Why I am not impressed by A.I.
-
Fair enough - sounds like they might not be ready for prime time though.
Oh well, at least while the bugs get ironed-out we're not using them for anything important
-
And apparently, they apparently still can't get an accurate result with such a basic query.
And yet...
https://futurism.com/openai-signs-deal-us-government-nuclear-weapon-security -
-
But to be fair, as people we would not ask "how many Rs does strawberry have", but "with how many Rs do you spell strawberry" or "do you spell strawberry with 1 R or 2 Rs"
-
-
They are not random per se. They are just statistical with just some degree of randomization.
-
Exactly. The naming of the technology would make you assume it's intelligent. It's not.
-
-
-
-
Sure, but I definitely wouldn’t confidently answer “two”.
-
I have thought a lot on it. The LLM per se would not know if the question is answerable or not, as it doesn't know if their output is good of bad.
So there's various approach to this issue:
-
The classic approach, and the one used for censoring: keywords. When the llm gets a certain key word or it can get certain keyword by digesting a text input then give back a hard coded answer. Problem is that while censoring issues are limited. Hard to answer questions are unlimited, hard to hard code all.
-
Self check answers. For everything question the llm could process it 10 times with different seeds. Then analyze the results and see if they are equivalent. If they are not then just answer that it's unsure about the answer. Problem: multiplication of resource usage. For some questions like the one in the post, it's possible than the multiple randomized answers give equivalent results, so it would still have a decent failure rate.
-
-
Why would it not know? It certainly “knows” that it’s an LLM and it presumably “knows” how LLMs work, so it could piece this together if it was capable of self-reflection.
-
I’ve been avoiding this question up until now, but here goes:
Hey Siri …
- how many r’s in strawberry? 0
- how many letter r’s in the word strawberry? 10
- count the letters in strawberry. How many are r’s? ChatGPT …..2
-
It doesn't know shit. It's not a thinking entity.
-
I get that it's usually just a dunk on AI, but it is also still a valid demonstration that AI has pretty severe and unpredictable gaps in functionality, in addition to failing to properly indicate confidence (or lack thereof).

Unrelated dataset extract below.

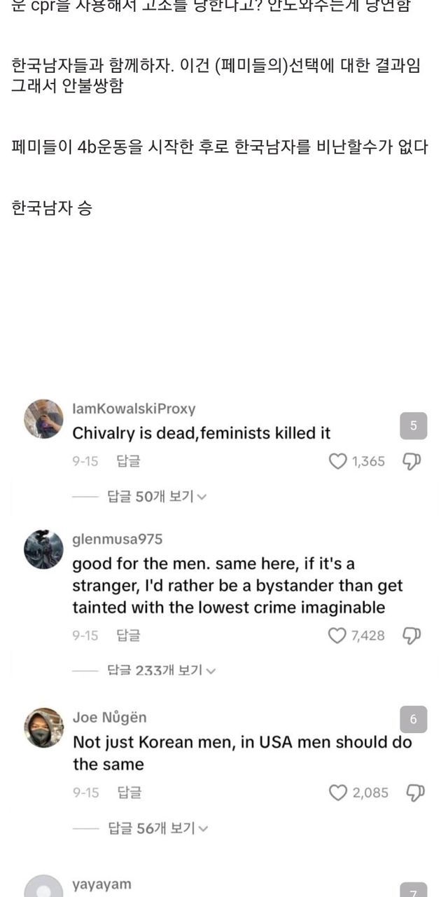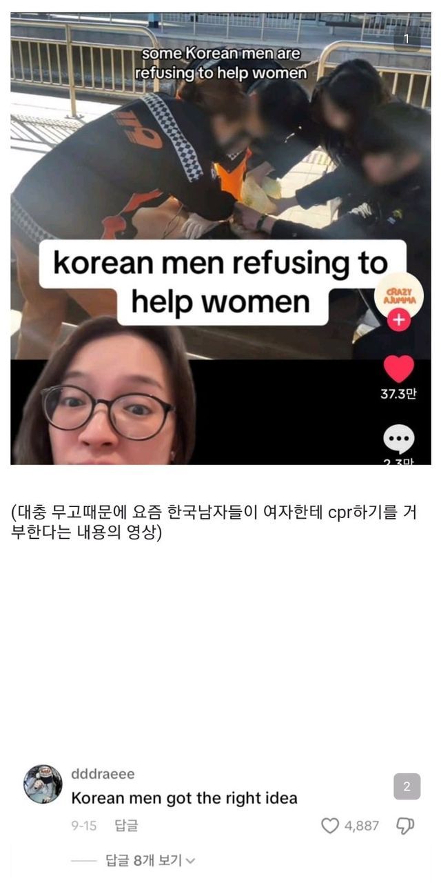 cpr안하는 한국남자 외국반응

People who understand that it's a glorified autocomplete will know how to disregard or prompt around some of these gaps, but this remains a litmus test because it succinctly shows you cannot trust an LLM response even in many "easy" cases.
-
Creating software is a great example, actually. Coding absolutely requires reasoning. I’ve tried using code-focused LLMs to write blocks of code, or even some basic YAML files, but the output is often unusable.

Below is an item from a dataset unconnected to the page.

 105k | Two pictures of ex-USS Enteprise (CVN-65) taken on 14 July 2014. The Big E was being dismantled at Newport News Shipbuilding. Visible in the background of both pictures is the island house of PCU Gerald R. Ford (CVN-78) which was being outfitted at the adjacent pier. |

It rarely makes syntax errors, but it will do things like reference libraries that haven’t been imported or hallucinate functions that don’t exist. It also constantly misunderstands the assignment and creates something that technically works but doesn’t accomplish the intended task.
-
Precisely, it's not capable of self-reflection, thinking, or anything of the sort. It doesn't even understand the meaning of words
-
But the problem is more "my do it all tool randomly fails at arbitrary tasks in an unpredictable fashion" making it hard to trust as a tool in any circumstances.
-
But everyone selling llms sells them as being able to solve any problem, making it hard to know when it's going to fail and give you junk.